The design achieves this by projecting the facades of the surrounding buildings in the complex, which are "draped" over the simple building forms and plazas like a shadow, and "imprinted" as a relief pattern onto the facades. ... Winy Maas says: "Reflection and theatricality are therefore combined. With our design, after the nightly escapades, a zen-like silence follows during the day, providing an almost literally reflective situation for the after parties. Giorgio de Chirico would have liked to paint it..."

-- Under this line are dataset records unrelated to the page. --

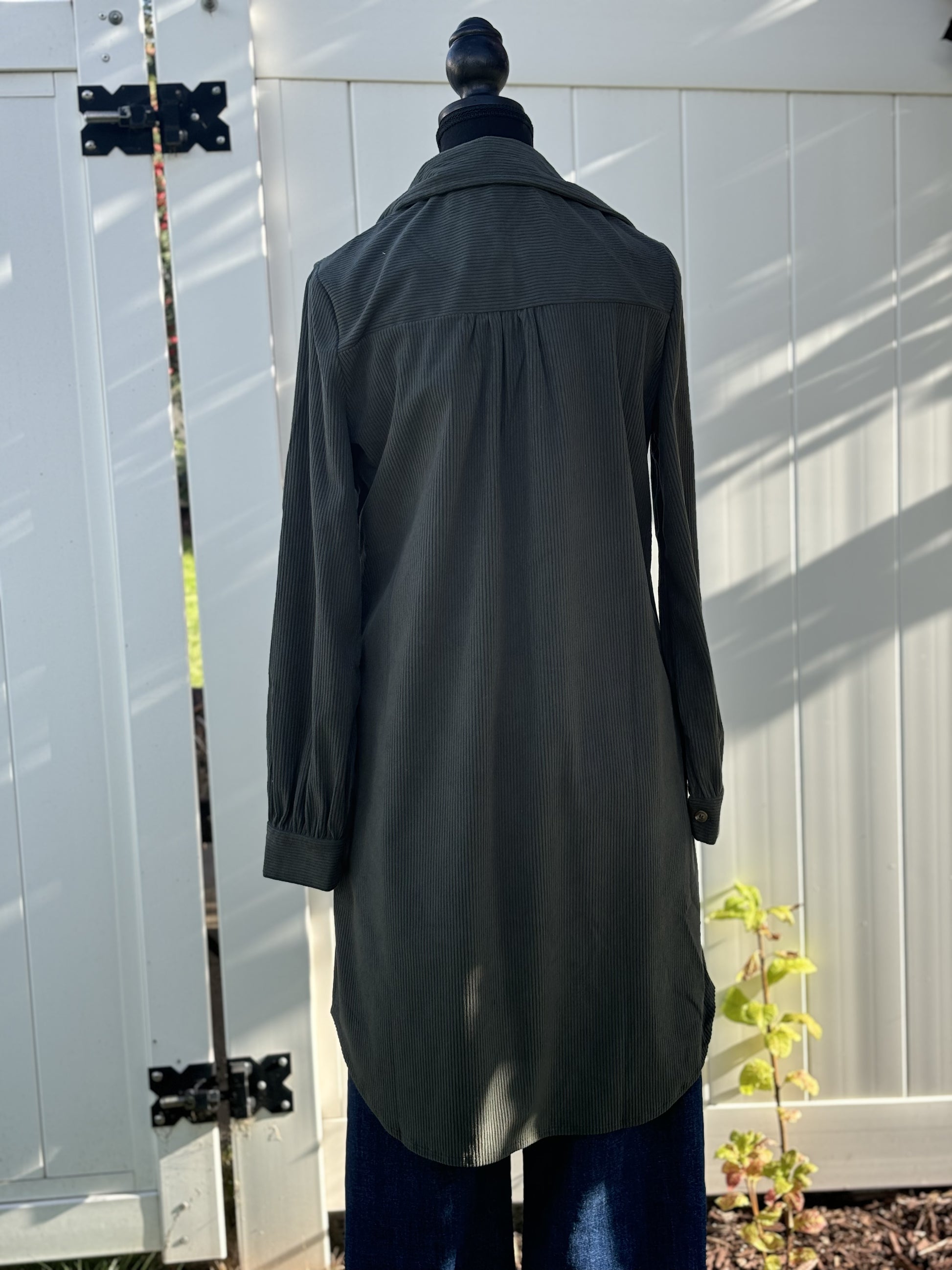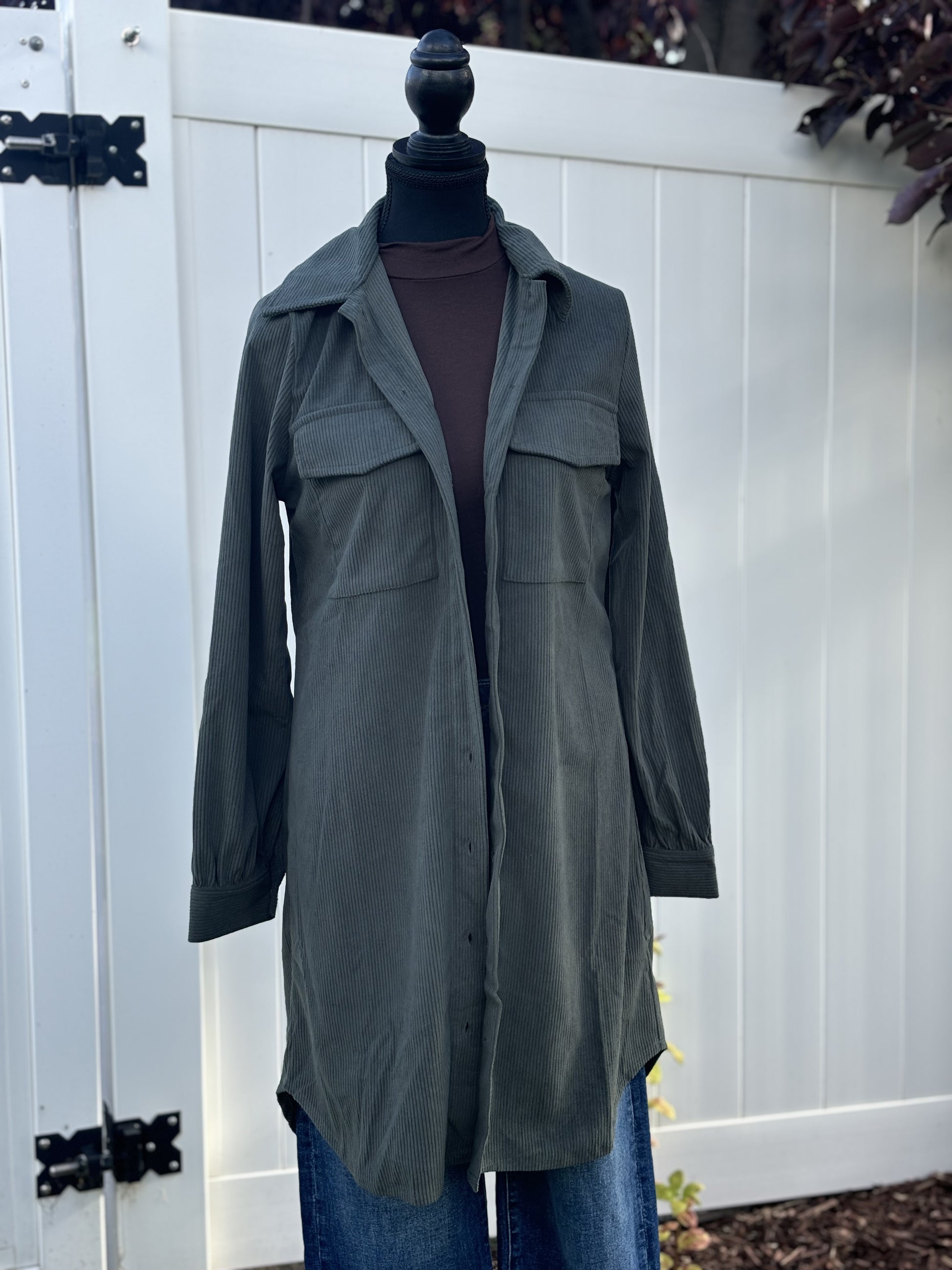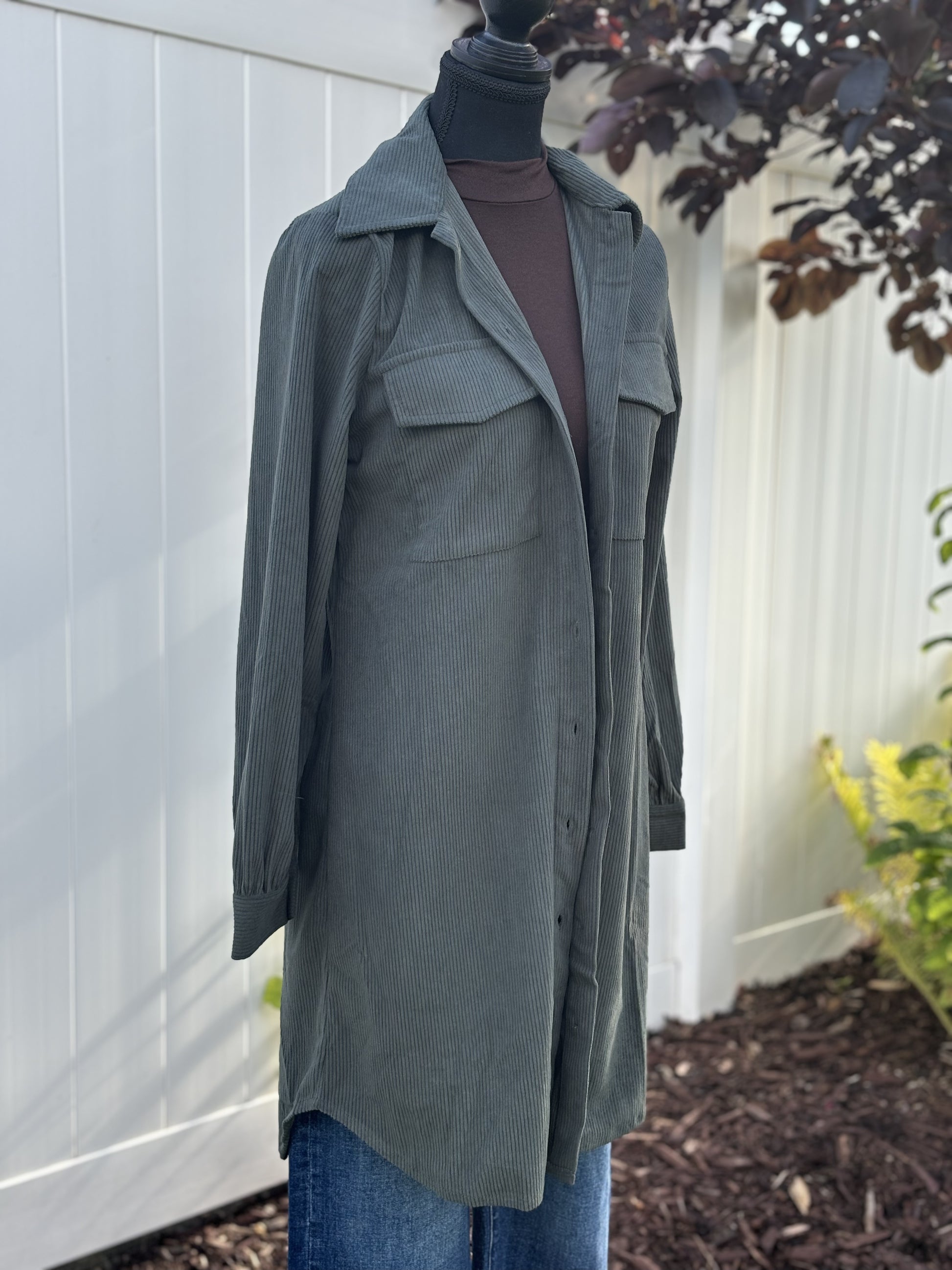 This stylish and versatile corduroy shirt dress is the perfect addition to your wardrobe. With knee length, it can be worn as a lightweight cardigan or closed with a belt and leggings for a casual winter dress. The soft corduroy material adds a touch of texture and warmth, making it a great choice for colder weather. The dress features a classic collar, button-down front, and long sleeves, giving it a timeless and sophisticated look. This dress is a must-have for any fashion-forward individual.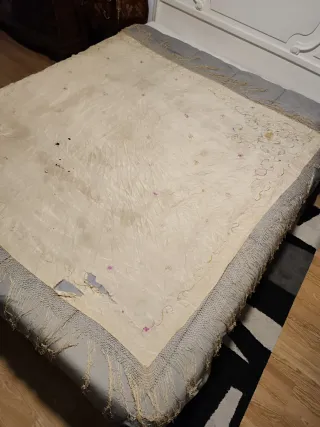 Precioso mantón de Manila antiguo con detalles bordados y flecos. Muy antiguo, 150 años. Tiene manchas, 2 enganchones en la seda y otro en los flecos. Isabelino con 2 esquinas bordadas a mano. - Diseño floral con toques rosados. - Flecos largos y cuidados. - Tejido ligero y vaporoso.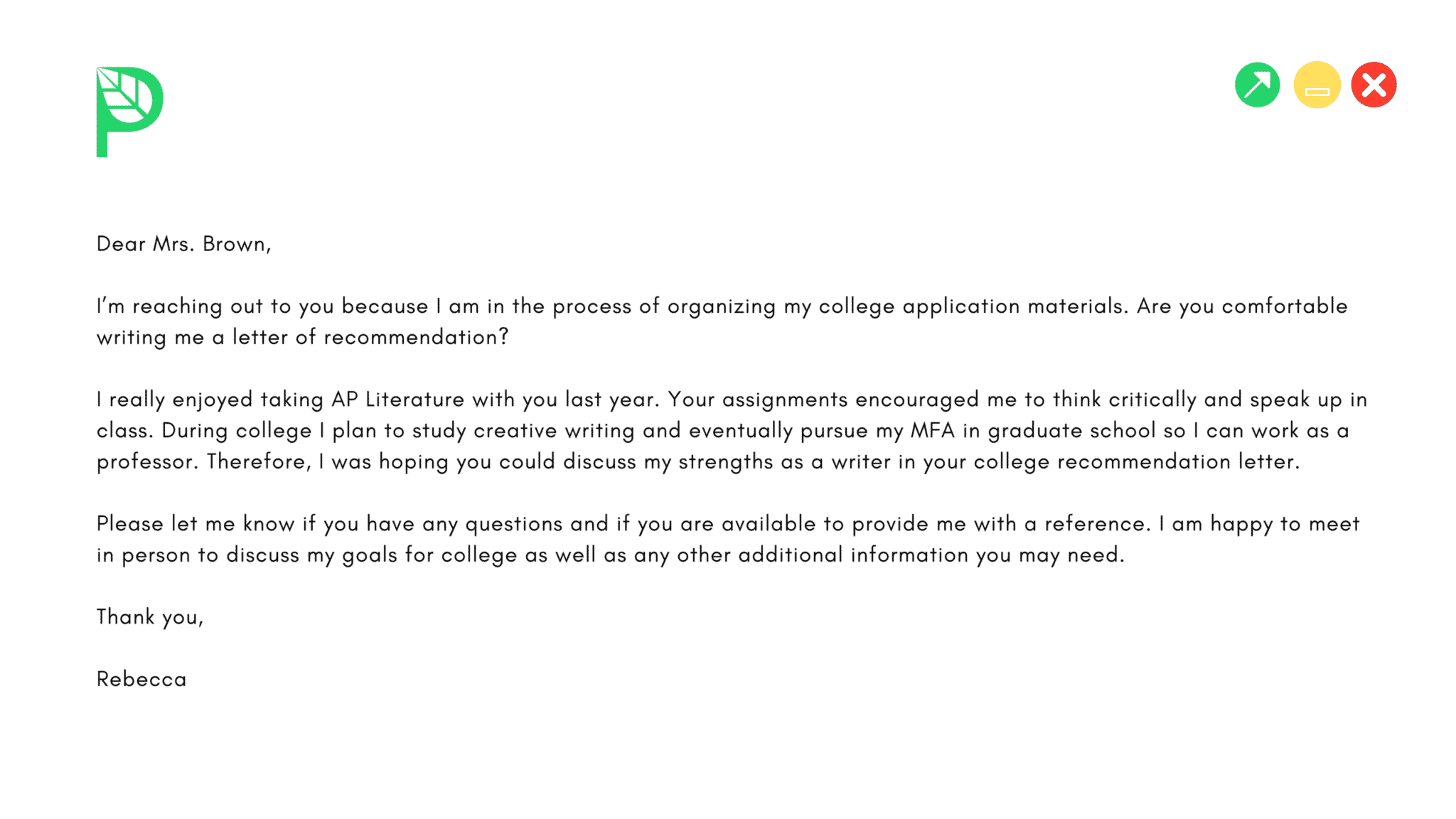 I’m reaching out because I’m applying for college and am in the process of organizing my written application materials. Are you willing and able to write me a letter of recommendation?
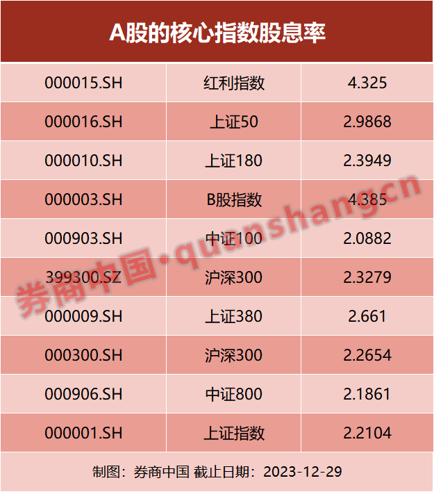 股票是披着股票外衣的债券,股票的分红派息能力是托底股市的终极能力,当前A股的股息率相比债券类资产更具吸引力。以红利指数来看,红利指数对应的最新股息率为4.325%,上证50指数对应的最新股息率为2.9868%,沪深300对应的股息率为2.2654%。而当前的十年期国债收益率已经跌至2.592%,A股核心指数当前的股息率相比来看对资金更具有吸引力。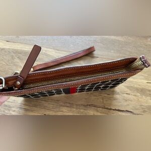 Printed geometric tile weaved fabric with brown & red stripe. Brown leather trim, removable leather wristlet strap, leather zipper pull. Top zip closure, classic red lined interior with green dots. Measures approx. 8”L x 4.25”H. Good used condition with minor imperfections! Classic beautiful accessory!
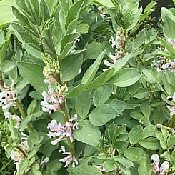 Faba Beans are an erect, tall crop of 1 - 2.5 m and have the ability to tiller. Depending on variety 1 - 3 tillers are common. The plant has a deep taproot with abundant of feeder roots which fix nitrogen to the soil. Flowering begins at 20 cm in height and grows in clusters of 3 - 8, with each flower cluster producing 1 - 5 pods. As the crop ripens,s it turns black, with the seed pods becoming ripe from the lowest and working up the stem to the top.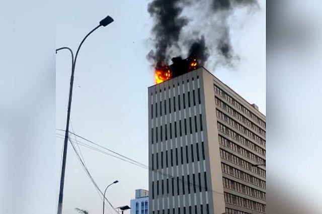 A fire broke out at Chennai’s LIC building on Anna Salai after a digital board short-circuited on Sunday, April 2. The fire department’s spot officer Vadivelu confirmed to TNM that the fire has been put out and there have been no casualties. “The digital board bearing the LIC logo that is mounted on the building’s roof caught fire after an electrical failure. The fire has been put out and everything is under control now,” he said. The control room of the fire department also told TNM that the fire started around 6pm in the evening and was quickly put out.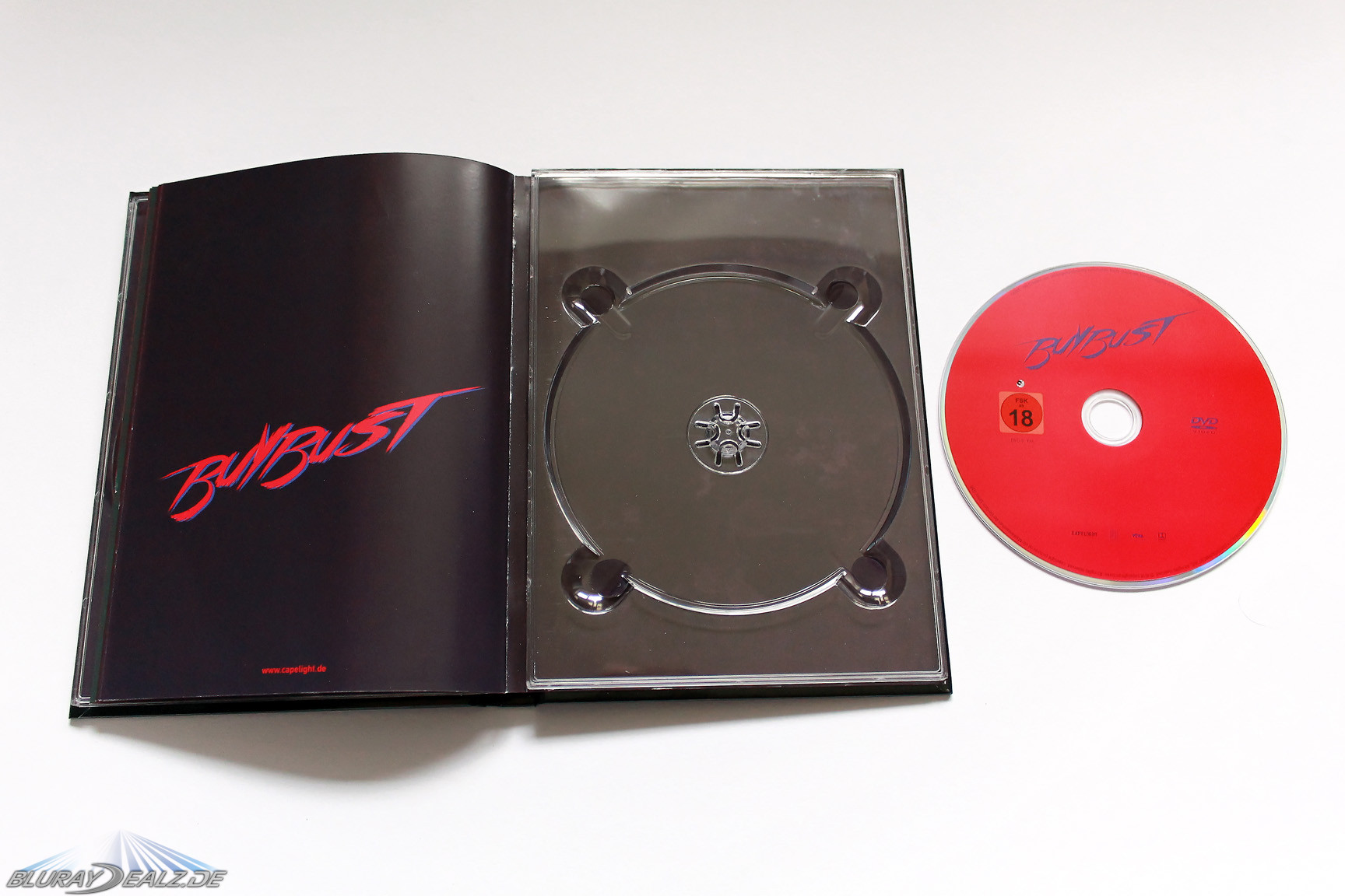 Der FSK-Aufkleber ist nur auf der Folie, damit entfallen lästige Klebespuren. Der Rückseitentext ist auf einer Pappkarte aufgedruckt, die nach dem Wenden Werbung für bisherige und kommende Capelight-Mediabooks zeigt. Die Karte lässt sich gut im Mediabook verstauen.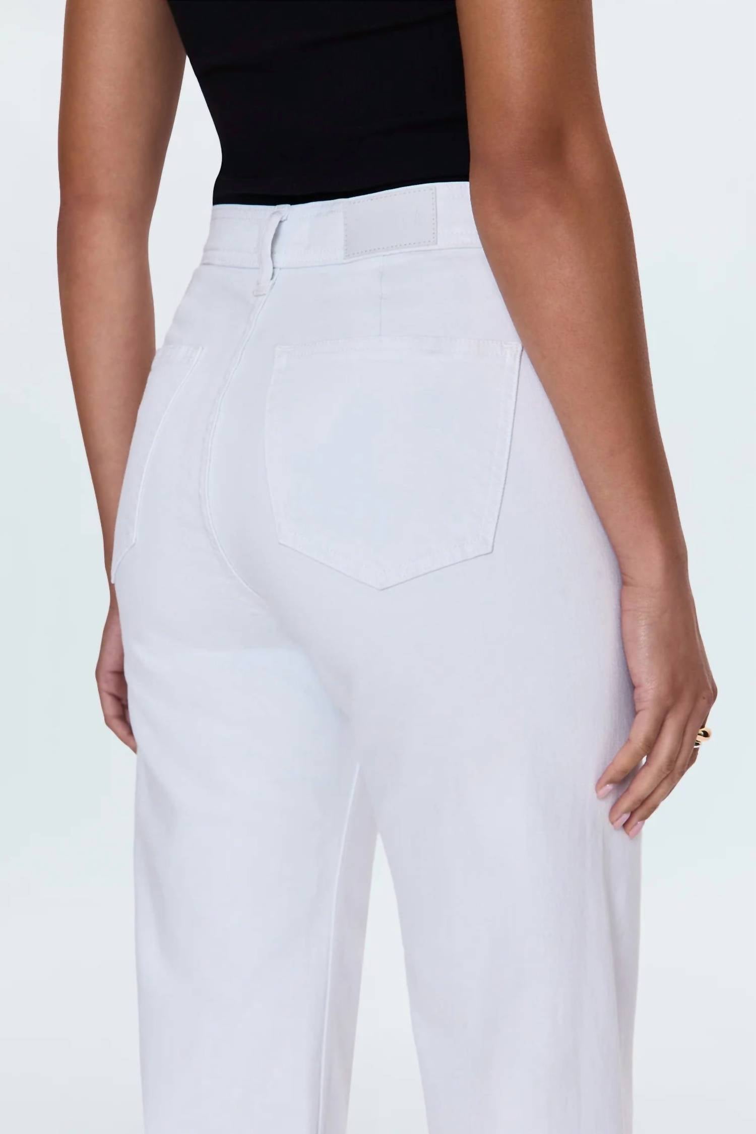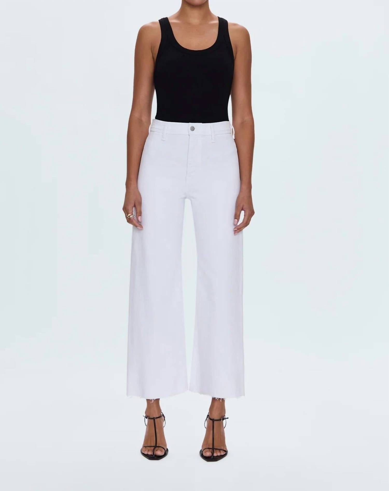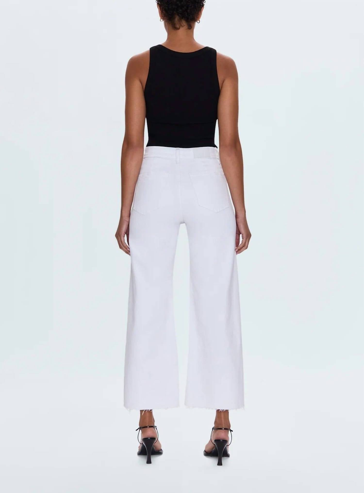 Fit to perfection, we love these high-waist jeans and you will too. The Penny High Rise Wide Leg Crop Jeans by PISTOLA bring effortless style with their high rise waist and relaxed fit. Designed in a solid Blizzard white, these jeans feature a comfortable stretch cotton blend, ensuring a perfect fit with 99% Cotton and 1% Elastane. The wide leg silhouette and cropped, ankle-length hemline are complemented by a button closure, offering timeless appeal. Proudly imported, these jeans measure a 12" rise, 27" inseam, and 21" leg opening, and are easy to care for with a machine wash instruction.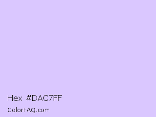 Hex #dac7ff Color is a very light indigo color and the nearest color is Pale Lavender #dcd0ff. Hex code #dac7ff and RGB value is rgb(218,199,255). In RGB color space, this color is composed of 85% red, 78% green, 100% blue, In CMYK color space, this color is composed of 15% cyan, 22% magenta, 0% yellow , 0% black , In HSL color space, this color has a hue angle of 260° , 100% saturation and 89% lightness.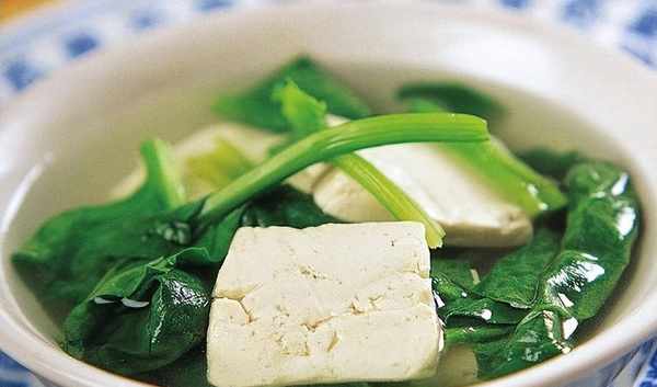 2 油锅烧热,下葱末、姜末炝锅,倒入高汤,放入豆腐,加料酒、盐、味精,再放入菠菜烧沸,出锅时淋少许烧热的色拉油即可。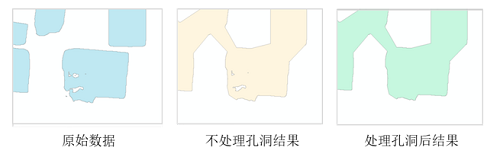 - 洞限定面积:设置聚合结果面内部孔洞的最小面积,即小于该面积的孔洞将被填满。面积单位与聚合限定距离单位一致,例如上列单位选择为米,则这里的面积单位为平方米。默认值为0,即保留所有面要素中的孔洞。

So MVRDV has appropriated the elements of architectural history to create something new, something akin to art but not as expressive or deep. It's architecture meant to provoke and stick in the memory of visitors. And it's something the firm clearly excels at, as The Imprint and a few other recent examples below illustrate.

The surrounding buildings, albeit unexceptional, are "imprinted" onto 3,869 GFRC facades that are "lifted" to provide access to the interiors and give the impression of fabric or even rubber. (Photo: Ossip van Duivenbode)
Inside The Imprint, images are shifted to lighting and reflections, creating immersive, kaleidoscopic environments for fun. (Photo: Ossip van Duivenbode)
The interior of The Imprint recalls MVRDV's Market Hall (2014) in Rotterdam, a large barrel-vaulted shed covered with "Cornucopia," a mural by artists Arno Coenen and Iris Roskam that depicts huge fruits, vegetables, and creatures over, suitably, the enclosed food market. (Photo: Maciek Lulko/Flickr)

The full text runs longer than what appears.